◆AIのように完璧すぎる政治家を櫻井翔が怪演
本作が注目されている大きな要因として、櫻井翔の演技が挙げられる。一郎はかつて官房長官も務めた有力代議士・和田島芳孝(加藤雅也)を父に持つが、一郎の著書『悲願』で明かされるまでその親子関係は長年隠されていた。自身の出自を隠し、著書内でそのことを明かす時点で一癖も二癖もある人物であることが伺える。また、秘書・俊哉がブレーンとして一郎を支える、もといコントロールしている描写も少なくない。現在放送されている最新話・4話まで、一郎の本心や意思は全く見せられていない。

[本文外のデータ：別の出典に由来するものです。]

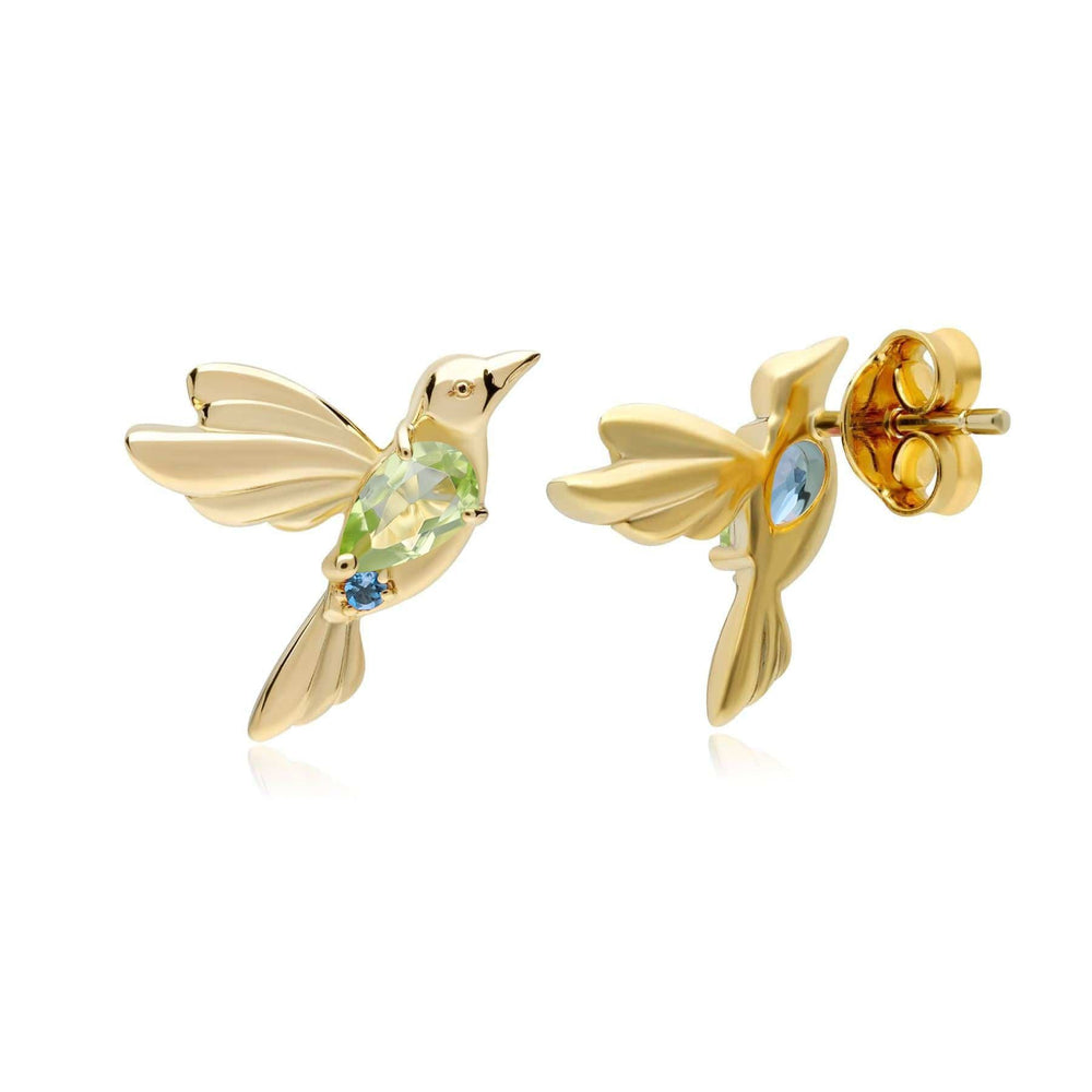 ECFEW™ Peridot and Blue Topaz Hummingbird Stud Earrings in 925 Sterling Silver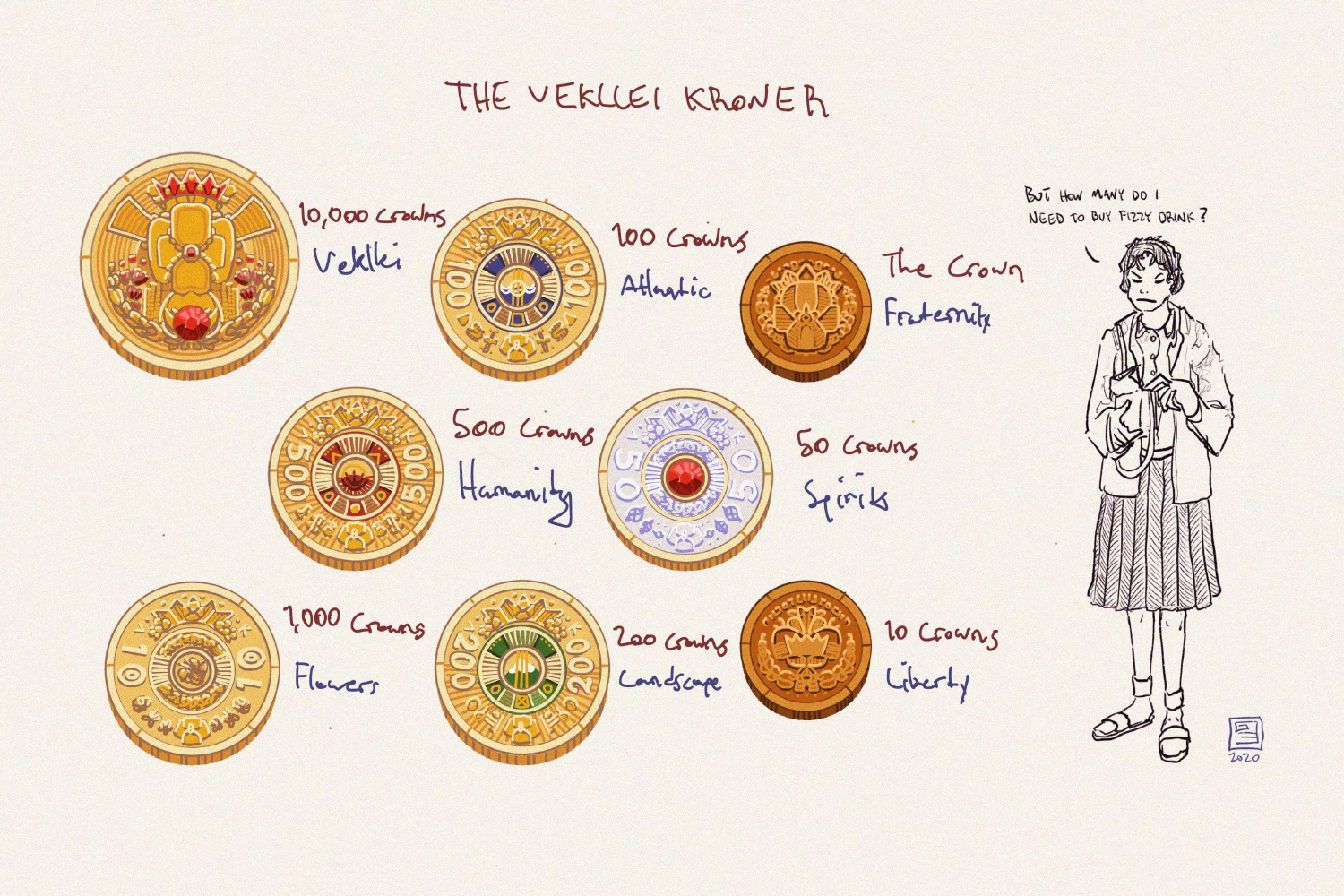 The “small crowns,” worth 1VK and 10VK respectively, represent fraternity and liberty, two founding elements of the Vekllei constitution. The 50VK coin is plated in silver and has a small ruby inset. Rubies are used to represent energy, in this case, the vitality of the spirits, which dominate Upen and the Vekllei landscape. The 100, 200, 500 and 1,000VK coins represent different landscapes of the country. As a volcanic island nation, the ocean (100) and landscape (200) coins are fairly straightforward. The humanity coin (500) represents the Vekllei people and ancestry — note how humans are placed alongside other natural forces. The flower coin (1,000VK) represents the flowers of the country, which are important spiritually and have formed part of the Vekllei identity. Vekllei has the most flowers per capita in the world. The final, larger 10,000VK coin represents the previous seven together, as a total sum of Vekllei landscape and identity.

実際、登場人物も一郎の掴めなさには困惑している様子。1話で香苗は一郎との取材を終えた後、同僚に「まるでAIと話してるみたいだった」「名刺の渡し方、話し方まで完璧すぎるところが逆に不自然っていうか」「『清家一郎には主体性がない』って言われてもしっくりきちゃうっていうか」と一郎の無機質さと主体性のなさを触れていた。3話では、大学時代の一郎の交際相手・三好美和子(田辺桃子)が「血の裏付けと人を惹きつける力のある人間が、中身が空っぽのまま存在してるなんて奇跡ですよね」と一郎について口にしていた。